**DATA PROVIDED**:

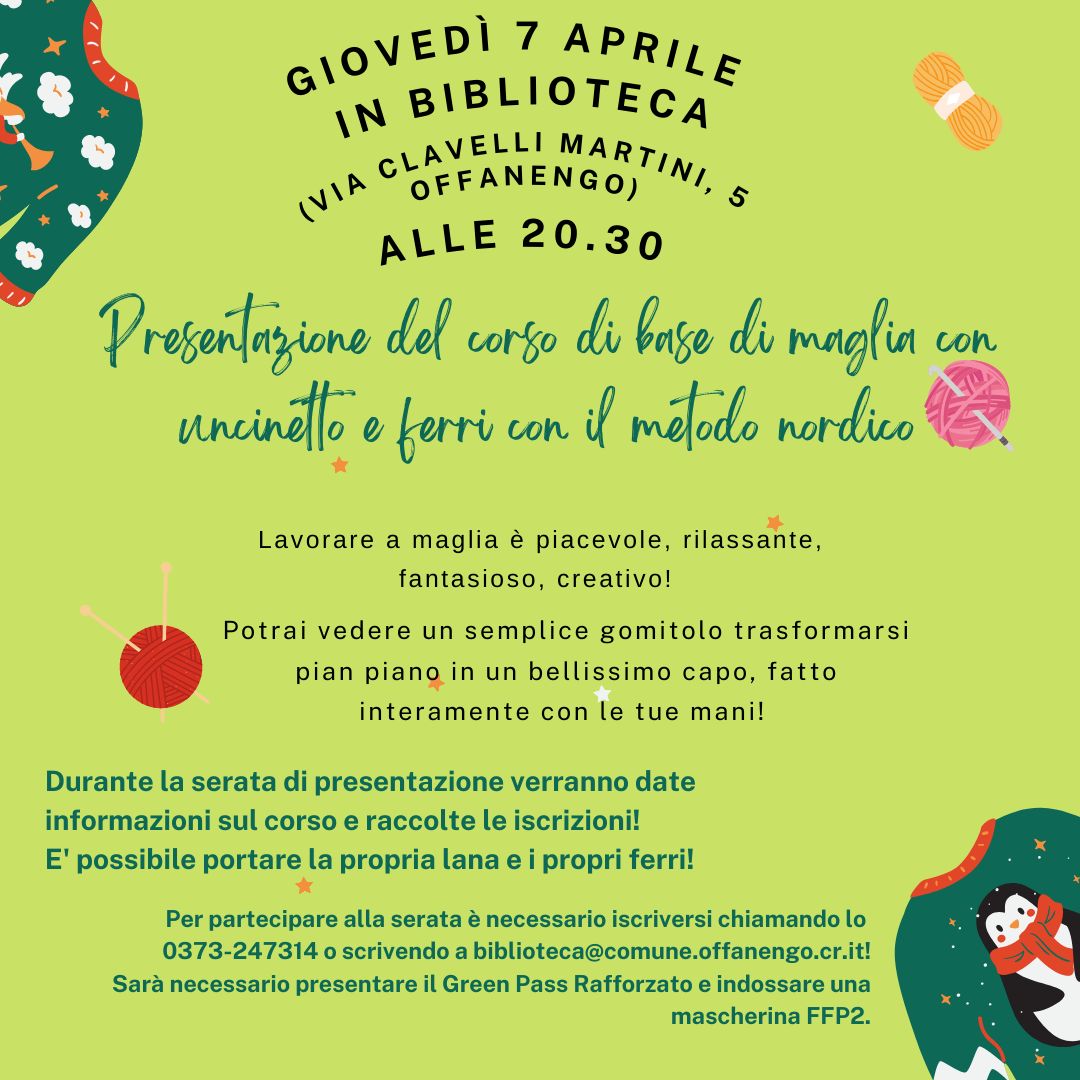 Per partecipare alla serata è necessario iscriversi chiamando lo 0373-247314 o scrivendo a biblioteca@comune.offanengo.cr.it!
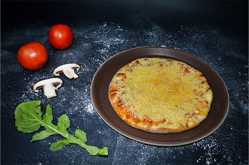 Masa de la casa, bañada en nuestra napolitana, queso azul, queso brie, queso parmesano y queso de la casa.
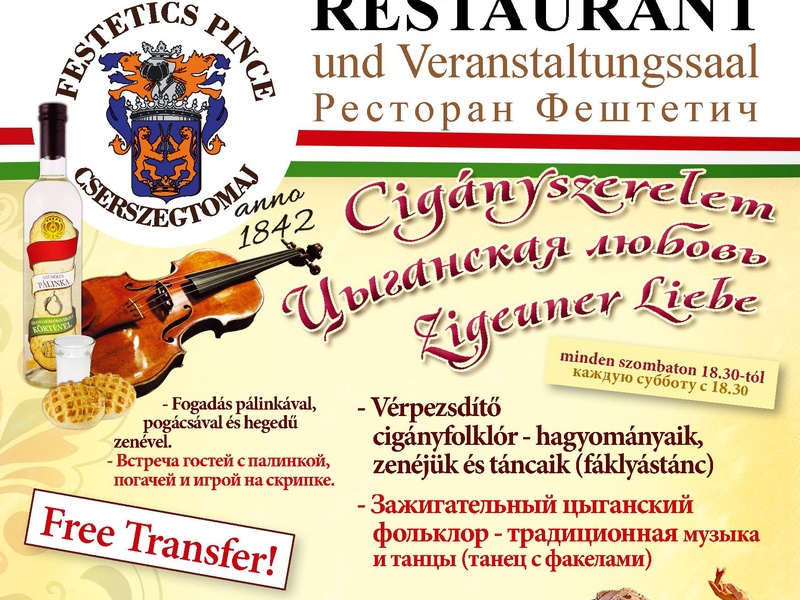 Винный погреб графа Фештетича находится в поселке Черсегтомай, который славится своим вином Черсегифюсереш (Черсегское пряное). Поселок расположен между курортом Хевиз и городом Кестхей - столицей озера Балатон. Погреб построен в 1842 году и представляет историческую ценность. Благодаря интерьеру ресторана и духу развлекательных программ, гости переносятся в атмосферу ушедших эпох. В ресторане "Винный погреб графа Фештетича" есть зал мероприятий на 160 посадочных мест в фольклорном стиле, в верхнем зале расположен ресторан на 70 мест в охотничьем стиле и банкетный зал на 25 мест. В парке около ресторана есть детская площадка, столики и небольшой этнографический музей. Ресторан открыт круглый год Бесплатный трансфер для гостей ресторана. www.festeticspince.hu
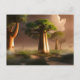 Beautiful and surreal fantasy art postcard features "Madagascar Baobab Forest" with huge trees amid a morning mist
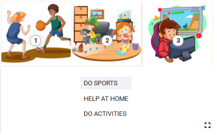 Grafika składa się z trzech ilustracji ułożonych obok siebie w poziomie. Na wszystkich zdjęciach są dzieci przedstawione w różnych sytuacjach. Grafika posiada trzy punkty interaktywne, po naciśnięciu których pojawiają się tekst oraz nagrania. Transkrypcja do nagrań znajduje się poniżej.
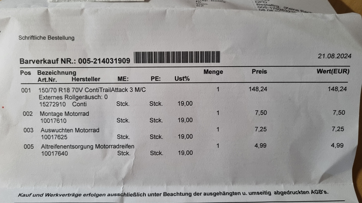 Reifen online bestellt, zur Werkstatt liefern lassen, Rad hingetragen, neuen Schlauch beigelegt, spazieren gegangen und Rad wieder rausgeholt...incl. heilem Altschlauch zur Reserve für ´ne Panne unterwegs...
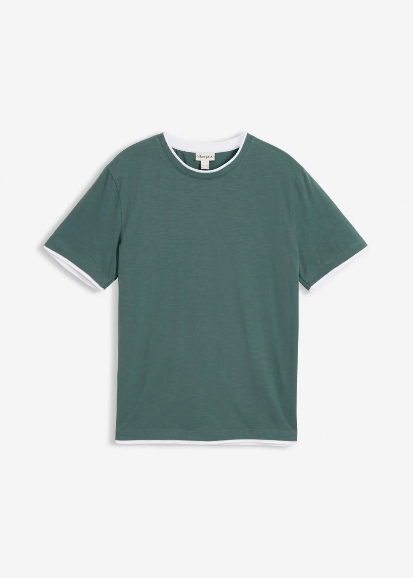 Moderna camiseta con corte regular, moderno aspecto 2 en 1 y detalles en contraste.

**WHAT TO DO**: From the first line to the last, repeat the records above exactly, leaving out the pictures.

**WRITTEN REPLY**:
 Per partecipare alla serata è necessario iscriversi chiamando lo 0373-247314 o scrivendo a biblioteca@comune.offanengo.cr.it!
 Masa de la casa, bañada en nuestra napolitana, queso azul, queso brie, queso parmesano y queso de la casa.
 Винный погреб графа Фештетича находится в поселке Черсегтомай, который славится своим вином Черсегифюсереш (Черсегское пряное). Поселок расположен между курортом Хевиз и городом Кестхей - столицей озера Балатон. Погреб построен в 1842 году и представляет историческую ценность. Благодаря интерьеру ресторана и духу развлекательных программ, гости переносятся в атмосферу ушедших эпох. В ресторане "Винный погреб графа Фештетича" есть зал мероприятий на 160 посадочных мест в фольклорном стиле, в верхнем зале расположен ресторан на 70 мест в охотничьем стиле и банкетный зал на 25 мест. В парке около ресторана есть детская площадка, столики и небольшой этнографический музей. Ресторан открыт круглый год Бесплатный трансфер для гостей ресторана. www.festeticspince.hu
 Beautiful and surreal fantasy art postcard features "Madagascar Baobab Forest" with huge trees amid a morning mist
 Grafika składa się z trzech ilustracji ułożonych obok siebie w poziomie. Na wszystkich zdjęciach są dzieci przedstawione w różnych sytuacjach. Grafika posiada trzy punkty interaktywne, po naciśnięciu których pojawiają się tekst oraz nagrania. Transkrypcja do nagrań znajduje się poniżej.
 Reifen online bestellt, zur Werkstatt liefern lassen, Rad hingetragen, neuen Schlauch beigelegt, spazieren gegangen und Rad wieder rausgeholt...incl. heilem Altschlauch zur Reserve für ´ne Panne unterwegs...
 Moderna camiseta con corte regular, moderno aspecto 2 en 1 y detalles en contraste.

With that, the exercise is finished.